_WHAT THE TASK ASKS:_ Give every line of the listing word for word, beginning at the first and including the line with "A peine descendu" as the last.

_DATASET EXTRACT:_
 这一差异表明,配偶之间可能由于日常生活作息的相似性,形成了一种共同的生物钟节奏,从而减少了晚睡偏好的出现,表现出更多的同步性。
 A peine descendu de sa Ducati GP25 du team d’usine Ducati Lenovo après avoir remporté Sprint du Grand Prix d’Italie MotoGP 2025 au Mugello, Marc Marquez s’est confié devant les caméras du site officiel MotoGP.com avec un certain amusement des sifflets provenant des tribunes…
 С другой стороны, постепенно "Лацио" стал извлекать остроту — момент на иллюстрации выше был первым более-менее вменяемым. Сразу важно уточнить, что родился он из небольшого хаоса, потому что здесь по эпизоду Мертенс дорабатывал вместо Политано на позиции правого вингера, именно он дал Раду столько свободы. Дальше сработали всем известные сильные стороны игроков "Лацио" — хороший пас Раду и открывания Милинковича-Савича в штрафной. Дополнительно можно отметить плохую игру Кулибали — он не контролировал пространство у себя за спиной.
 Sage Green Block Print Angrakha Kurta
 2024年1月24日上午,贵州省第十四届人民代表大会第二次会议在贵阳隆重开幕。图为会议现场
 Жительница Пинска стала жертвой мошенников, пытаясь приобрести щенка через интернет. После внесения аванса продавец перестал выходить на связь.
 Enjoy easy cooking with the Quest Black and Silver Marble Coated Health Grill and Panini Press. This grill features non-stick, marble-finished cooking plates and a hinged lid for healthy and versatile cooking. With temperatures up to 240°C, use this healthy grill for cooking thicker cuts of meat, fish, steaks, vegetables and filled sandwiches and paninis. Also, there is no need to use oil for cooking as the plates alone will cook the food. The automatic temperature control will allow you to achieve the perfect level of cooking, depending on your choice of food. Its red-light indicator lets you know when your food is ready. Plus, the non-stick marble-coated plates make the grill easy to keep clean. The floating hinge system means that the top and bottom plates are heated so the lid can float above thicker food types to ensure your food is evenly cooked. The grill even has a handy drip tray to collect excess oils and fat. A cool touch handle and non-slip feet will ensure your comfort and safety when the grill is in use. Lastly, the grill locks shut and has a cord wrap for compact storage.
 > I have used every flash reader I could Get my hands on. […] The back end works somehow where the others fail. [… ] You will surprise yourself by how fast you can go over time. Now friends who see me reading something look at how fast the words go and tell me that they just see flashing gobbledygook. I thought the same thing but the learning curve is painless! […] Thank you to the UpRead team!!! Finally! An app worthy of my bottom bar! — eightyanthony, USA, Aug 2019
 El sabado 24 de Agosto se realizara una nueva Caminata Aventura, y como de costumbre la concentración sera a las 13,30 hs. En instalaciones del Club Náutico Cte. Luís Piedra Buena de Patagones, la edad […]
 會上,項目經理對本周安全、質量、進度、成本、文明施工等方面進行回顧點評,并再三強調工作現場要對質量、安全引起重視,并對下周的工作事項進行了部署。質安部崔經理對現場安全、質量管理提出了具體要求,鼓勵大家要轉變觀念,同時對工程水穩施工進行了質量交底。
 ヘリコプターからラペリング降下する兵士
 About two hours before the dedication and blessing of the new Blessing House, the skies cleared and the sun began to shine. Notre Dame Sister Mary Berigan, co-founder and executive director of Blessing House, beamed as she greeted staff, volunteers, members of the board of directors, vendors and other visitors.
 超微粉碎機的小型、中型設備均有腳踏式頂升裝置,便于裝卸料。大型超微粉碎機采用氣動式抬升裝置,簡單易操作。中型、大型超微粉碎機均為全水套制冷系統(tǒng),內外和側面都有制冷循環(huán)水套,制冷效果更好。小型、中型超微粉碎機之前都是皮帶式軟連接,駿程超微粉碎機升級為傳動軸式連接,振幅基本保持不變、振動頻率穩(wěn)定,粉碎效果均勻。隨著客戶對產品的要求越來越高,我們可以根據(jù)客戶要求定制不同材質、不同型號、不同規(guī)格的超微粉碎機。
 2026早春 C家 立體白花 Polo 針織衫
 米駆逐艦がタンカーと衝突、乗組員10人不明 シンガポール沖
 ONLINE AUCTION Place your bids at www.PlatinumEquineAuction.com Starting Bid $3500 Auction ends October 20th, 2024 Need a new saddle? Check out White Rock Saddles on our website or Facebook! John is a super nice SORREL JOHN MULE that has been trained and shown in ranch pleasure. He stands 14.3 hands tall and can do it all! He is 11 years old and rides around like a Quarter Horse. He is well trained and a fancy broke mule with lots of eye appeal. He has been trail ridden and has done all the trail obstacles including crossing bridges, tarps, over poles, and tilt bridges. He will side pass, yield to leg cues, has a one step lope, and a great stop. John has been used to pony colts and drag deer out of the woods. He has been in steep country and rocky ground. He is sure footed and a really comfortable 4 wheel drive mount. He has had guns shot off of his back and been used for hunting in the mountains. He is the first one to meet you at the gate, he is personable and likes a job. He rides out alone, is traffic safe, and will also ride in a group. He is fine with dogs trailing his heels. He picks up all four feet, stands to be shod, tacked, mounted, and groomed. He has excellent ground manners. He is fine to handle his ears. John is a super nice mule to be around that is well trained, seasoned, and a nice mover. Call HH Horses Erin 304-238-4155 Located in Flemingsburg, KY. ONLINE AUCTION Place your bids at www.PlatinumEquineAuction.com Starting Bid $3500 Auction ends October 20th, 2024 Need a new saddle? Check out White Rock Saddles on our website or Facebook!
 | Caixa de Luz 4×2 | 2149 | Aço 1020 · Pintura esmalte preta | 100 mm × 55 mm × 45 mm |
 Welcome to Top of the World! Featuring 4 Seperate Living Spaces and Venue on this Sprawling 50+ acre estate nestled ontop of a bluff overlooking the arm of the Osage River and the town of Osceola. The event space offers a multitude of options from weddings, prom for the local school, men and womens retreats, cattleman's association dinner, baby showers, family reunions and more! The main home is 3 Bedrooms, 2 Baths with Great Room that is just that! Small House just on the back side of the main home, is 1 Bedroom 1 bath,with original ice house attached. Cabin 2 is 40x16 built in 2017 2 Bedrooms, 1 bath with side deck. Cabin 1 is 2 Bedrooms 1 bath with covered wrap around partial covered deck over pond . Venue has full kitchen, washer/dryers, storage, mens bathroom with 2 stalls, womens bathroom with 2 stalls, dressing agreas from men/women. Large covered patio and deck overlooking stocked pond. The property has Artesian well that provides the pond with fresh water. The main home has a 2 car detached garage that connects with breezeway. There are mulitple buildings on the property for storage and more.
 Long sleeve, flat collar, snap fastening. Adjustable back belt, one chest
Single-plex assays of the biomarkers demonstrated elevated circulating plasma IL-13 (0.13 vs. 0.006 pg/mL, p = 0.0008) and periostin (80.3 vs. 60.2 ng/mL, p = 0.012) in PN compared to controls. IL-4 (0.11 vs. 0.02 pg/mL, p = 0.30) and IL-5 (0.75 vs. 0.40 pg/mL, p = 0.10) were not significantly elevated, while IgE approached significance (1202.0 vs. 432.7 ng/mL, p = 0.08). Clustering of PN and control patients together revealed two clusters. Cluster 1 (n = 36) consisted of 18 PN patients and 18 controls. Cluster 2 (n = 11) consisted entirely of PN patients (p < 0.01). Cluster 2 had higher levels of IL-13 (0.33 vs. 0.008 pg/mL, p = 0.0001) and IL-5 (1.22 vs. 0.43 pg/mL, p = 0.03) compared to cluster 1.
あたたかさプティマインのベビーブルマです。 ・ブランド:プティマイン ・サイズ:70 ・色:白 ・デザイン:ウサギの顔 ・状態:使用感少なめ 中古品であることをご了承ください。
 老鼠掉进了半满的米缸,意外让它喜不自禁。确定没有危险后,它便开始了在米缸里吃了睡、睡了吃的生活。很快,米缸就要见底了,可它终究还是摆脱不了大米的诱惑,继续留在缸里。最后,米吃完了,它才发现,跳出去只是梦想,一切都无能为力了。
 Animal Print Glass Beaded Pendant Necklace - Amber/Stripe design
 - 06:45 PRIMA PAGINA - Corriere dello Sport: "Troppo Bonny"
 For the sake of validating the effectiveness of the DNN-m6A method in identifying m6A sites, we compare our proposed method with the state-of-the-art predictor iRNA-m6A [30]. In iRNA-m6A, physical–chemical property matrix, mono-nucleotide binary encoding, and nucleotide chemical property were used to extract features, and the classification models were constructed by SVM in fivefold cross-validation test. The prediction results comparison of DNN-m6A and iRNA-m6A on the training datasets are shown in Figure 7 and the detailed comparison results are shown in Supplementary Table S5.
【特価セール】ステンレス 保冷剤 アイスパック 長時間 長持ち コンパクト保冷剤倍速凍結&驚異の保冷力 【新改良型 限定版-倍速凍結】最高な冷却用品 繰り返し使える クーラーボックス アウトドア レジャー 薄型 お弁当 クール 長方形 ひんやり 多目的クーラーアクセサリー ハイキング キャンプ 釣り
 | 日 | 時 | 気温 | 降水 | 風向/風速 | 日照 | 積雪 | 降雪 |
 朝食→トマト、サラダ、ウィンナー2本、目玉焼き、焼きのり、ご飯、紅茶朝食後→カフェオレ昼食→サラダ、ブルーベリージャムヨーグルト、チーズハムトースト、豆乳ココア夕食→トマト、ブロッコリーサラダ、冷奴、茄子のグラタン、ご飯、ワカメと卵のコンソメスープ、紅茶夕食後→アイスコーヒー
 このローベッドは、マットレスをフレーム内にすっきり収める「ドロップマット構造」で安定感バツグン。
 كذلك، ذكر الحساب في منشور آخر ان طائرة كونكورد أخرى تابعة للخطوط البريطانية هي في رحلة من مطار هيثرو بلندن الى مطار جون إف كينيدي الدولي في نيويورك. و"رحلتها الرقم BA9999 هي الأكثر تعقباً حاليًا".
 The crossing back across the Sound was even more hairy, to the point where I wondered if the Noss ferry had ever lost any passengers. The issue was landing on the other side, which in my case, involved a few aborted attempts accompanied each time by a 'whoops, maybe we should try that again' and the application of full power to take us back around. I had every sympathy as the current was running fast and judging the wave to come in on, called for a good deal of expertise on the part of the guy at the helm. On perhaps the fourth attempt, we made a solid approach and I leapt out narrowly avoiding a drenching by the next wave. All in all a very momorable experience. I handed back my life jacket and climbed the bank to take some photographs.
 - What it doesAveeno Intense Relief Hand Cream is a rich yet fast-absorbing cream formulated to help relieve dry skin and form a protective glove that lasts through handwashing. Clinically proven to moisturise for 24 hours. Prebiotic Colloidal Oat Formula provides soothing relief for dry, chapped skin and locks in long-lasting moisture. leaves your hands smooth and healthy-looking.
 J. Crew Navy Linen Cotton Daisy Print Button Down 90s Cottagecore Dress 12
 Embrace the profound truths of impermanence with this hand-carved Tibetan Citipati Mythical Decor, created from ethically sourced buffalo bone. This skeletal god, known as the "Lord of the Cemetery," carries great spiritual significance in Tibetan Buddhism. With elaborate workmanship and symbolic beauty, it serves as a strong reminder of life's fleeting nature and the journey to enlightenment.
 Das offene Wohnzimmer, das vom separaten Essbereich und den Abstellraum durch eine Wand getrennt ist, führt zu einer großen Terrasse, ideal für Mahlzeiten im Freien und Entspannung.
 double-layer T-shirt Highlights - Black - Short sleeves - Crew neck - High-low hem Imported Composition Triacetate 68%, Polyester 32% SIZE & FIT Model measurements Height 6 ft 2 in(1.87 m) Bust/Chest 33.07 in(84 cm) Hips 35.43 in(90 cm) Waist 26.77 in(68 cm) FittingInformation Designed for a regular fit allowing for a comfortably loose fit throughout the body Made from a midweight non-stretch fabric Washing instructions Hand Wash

_EXERCISE SOLUTION:_
 这一差异表明,配偶之间可能由于日常生活作息的相似性,形成了一种共同的生物钟节奏,从而减少了晚睡偏好的出现,表现出更多的同步性。
 A peine descendu de sa Ducati GP25 du team d’usine Ducati Lenovo après avoir remporté Sprint du Grand Prix d’Italie MotoGP 2025 au Mugello, Marc Marquez s’est confié devant les caméras du site officiel MotoGP.com avec un certain amusement des sifflets provenant des tribunes…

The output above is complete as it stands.